Średnie ceny transakcyjne kawalerek o pow. 20 – 40 mkw. to ok. 242,8 tys. zł, przy czym najtańsze lokum, jakie sprzedano w październiku, kosztowało 160 tys. zł. Była to kawalerka na Żoliborzu o pow. 20 mkw. Natomiast najdroższa, 32-metrowa w Śródmieściu kosztowała prawie 350 tys. zł. Dwa pokoje to wydatek średnio ok. 447,8 tys. zł, przy czym najdroższe lokum zostało sprzedane za 879 tys. zł. Było to mieszkanie na Mokotowie o pow. 62 mkw. 1 mkw. kosztował więc nowego nabywcę 14,1 tys. zł. Biorąc pod uwagę cenę mkw., najwyższą stawkę zapłacono za 44-metrowe mieszkanie w Śródmieściu, które kosztowało prawie 15 tys. zł za mkw. Najtańszą transakcję odnotowano na Mokotowie, gdzie 38-metrowe mieszkanie sprzedano za 289 tys. zł, czyli mkw. kosztował nabywcę 7,6 tys. zł.

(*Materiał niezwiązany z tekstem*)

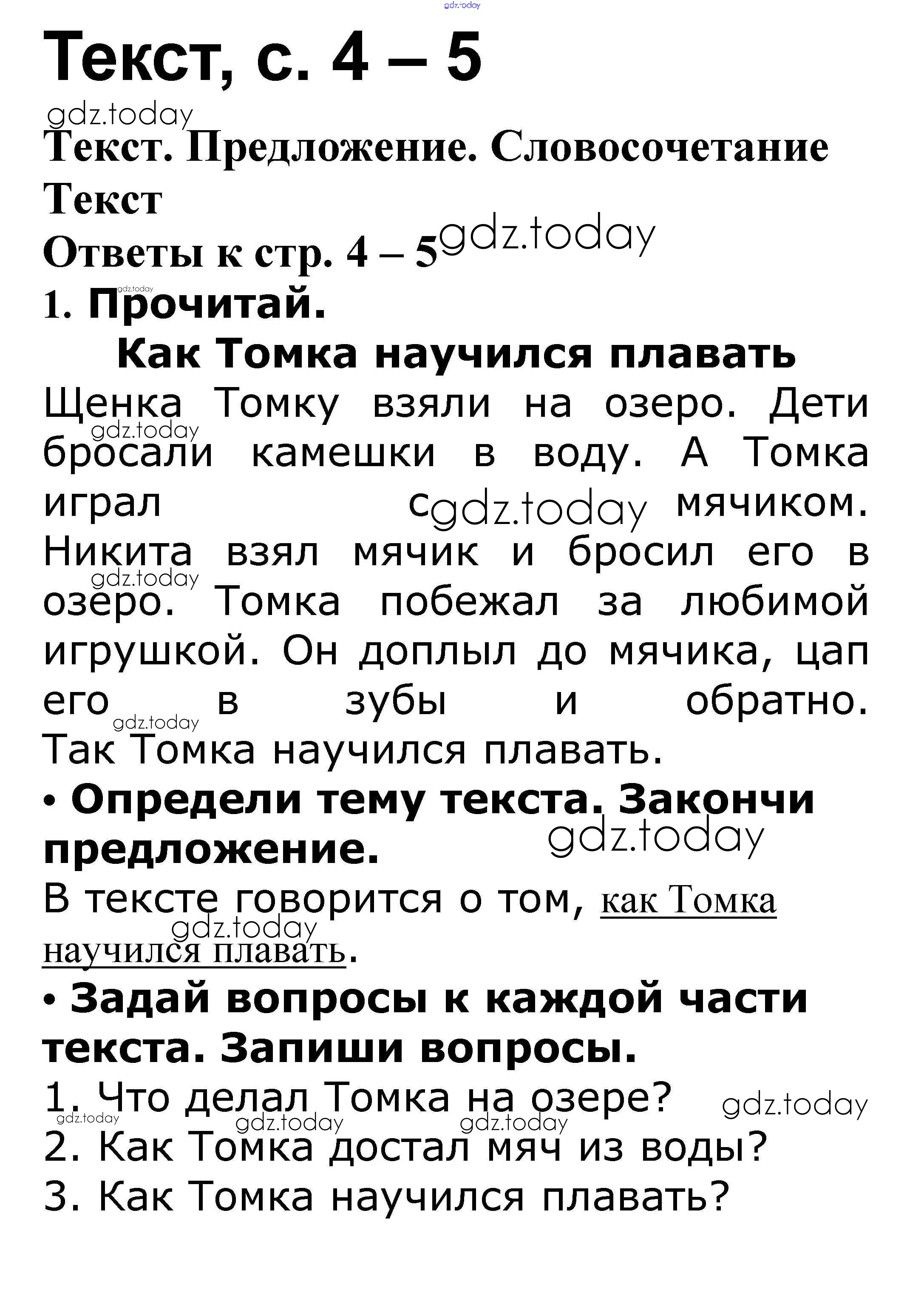 На страницах сайта gdz.today вы найдете учебный и вспомогательный материал, направленный на улучшения знаний школьной программы. ГДЗ - онлайн мир знаний Решение к теме "Текст. Предложение. Словосочетание" Текст стр. 4 – 5 Проверочным работам по Русскому языку для 3 класса Канакина, Щеголева Просвещение Школа России 2018

Cena mieszkań trzypokojowych w ostatnich miesiącach kształtowała się na poziomie 574,3 tys. zł. Rozbieżności między najtańszymi a najdroższymi ofertami są jednak również spore. Np. na Mokotowie sprzedano niemal 80-metrowe lokum za ponad 1 mln zł, a np. na Bemowie mieszkanie o pow. 63 mkw. sprzedano za 368 tys. zł.
Na uwagę zwraca fakt, że średnia cena mkw. kawalerki i mieszkania trzypokojowego niewiele się różni – podczas gdy metr kawalerki kosztuje ok. 8,6 tys. zł, cena mkw. lokum trzypokojowego oscyluje na poziomie 8,4 tys. zł.